I was sitting on the exam table looking at the pain scale hanging on the wall — you know, the one with the faces — thinking about this. If you'd asked me before our first IVF what possible outcomes I expected, I'd have drawn you something like this:
Sure, I knew the statistics for miscarriage, but I also knew that it was more likely our cycle would fail, as 57% did that year for my age group, than that I'd get pregnant but lose it. It all seemed pretty straightforward, downright binary. We'd win or we'd lose.
And we lost. On our second cycle, I knew a lot more about what could go wrong. Based on my experience, my appreciation for the subtleties was a bit keener.
I'd thought I knew how it would hurt. But my scale should have gone to 11.
Still, I was getting better at this. After some careful recalibration, I was ready to take on our third IVF cycle with a scale that would address any eventuality:
I was pretty sure a drawn-out miscarriage would just about do me in. Fortunately, it never got that far. Unfortunately, I failed to predict the need for a smiley face to represent the frightening possibility of never — not just on this cycle, but ever — carrying a child genetically related to me.
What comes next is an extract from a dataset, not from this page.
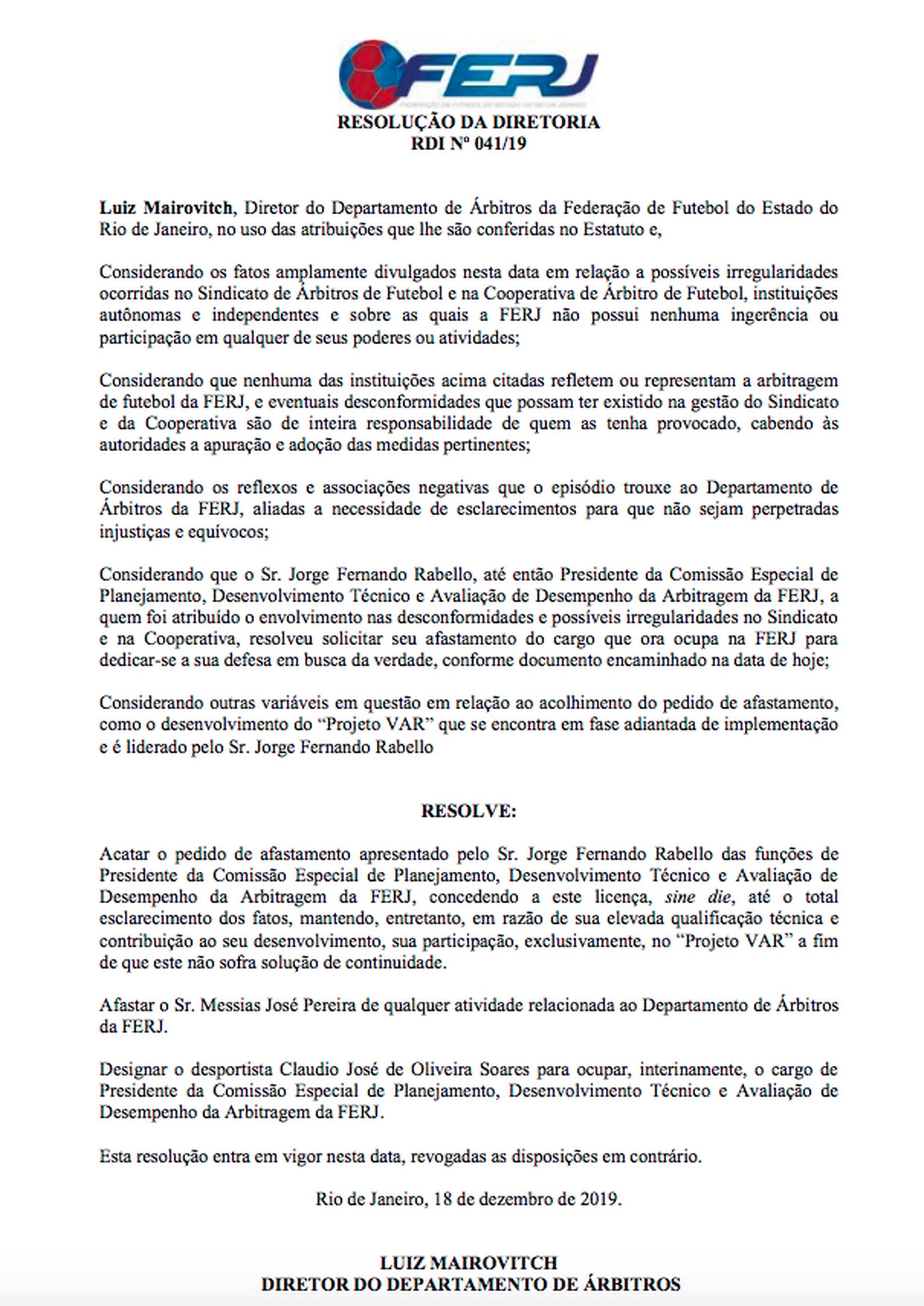 Os dois não quiseram dar declarações à reportagem. No mesmo documento em que acata o pedido de licença de Rabello, Mairovitch afasta Messias de qualquer atividade relacionada ao departamento de árbitros da Ferj.

By our fourth IVF, I had no more zero; enough had happened that "no hurt" wasn't an option. Having a baby was still the best possible outcome, of course, but all of the other possibilities seemed, at that point, equal: a loss or a negative would have meant adoption or donor egg. Those were options I could live with, if not immediately feel excited about.
And, you know, I was mostly right. Baby of any description — known to his familiars as Charlie — has made me a solid two, most days trending to one. I am happy. It's not the unfettered happiness of zero, the kind of joy you can feel before anything really bad has happened, but rather the relieved contentment of knowing you've weathered a ten and are little the worse for wear.
"Hurts little bit" indeed.
So I sat there thinking of Charlie, thinking of two, wondering whether I can stand to risk it, and trying to imagine what the scale would look like if we tried again. It came out looking a little like this:
I know what the best possible outcome is; even that, though, comes at a price. And I know what the worst is, unlikely though it be. (Paul wouldn't be caught dead in a hat with a veil, no matter how fervently I might wish it.) It's what happens in the middle that feels so fuzzy. Short of the worst, what's the worst that could happen? What would hurt most? How would I cope?
I simply can't say, and it's pointless to try. What makes the exercise pointless is also what makes it so scary: You don't ever get to pick.
It's hard to know what to do with this information. I am trying to keep it in perspective by reminding myself that I was actually at greater risk while I was pregnant with Charlie. After all, the same conditions applied then; we just didn't know about them. And because we didn't know about them, we couldn't treat them. We didn't know we should be on alert. I didn't think a stomach ache could be such a big goddamn deal.
Now that we know and can treat the problem, my odds of having a successful pregnancy are much greater. It is true that I'm at risk again for severe pre-eclampsia, but it's also true that if it develops in subsequent pregnancies, it tends to happen later, although this is not a hard and fast rule. It's true that I will probably have gestational diabetes again, but I've been advised to get my blood sugar stable before even trying to conceive, so that will be taken in hand. About possible placental implantation problems, we can do nothing — I'll be far too busy counting every last grain of brown rice to devote any energy to moving that messy old thing.
We're better equipped now to deal with the consequences, and therefore more likely to have a good outcome — in fact, a better outcome, a later birth, a healthier mother and child.
20%. Sure, I'm scared now. I should have been then, too. I just didn't know it yet.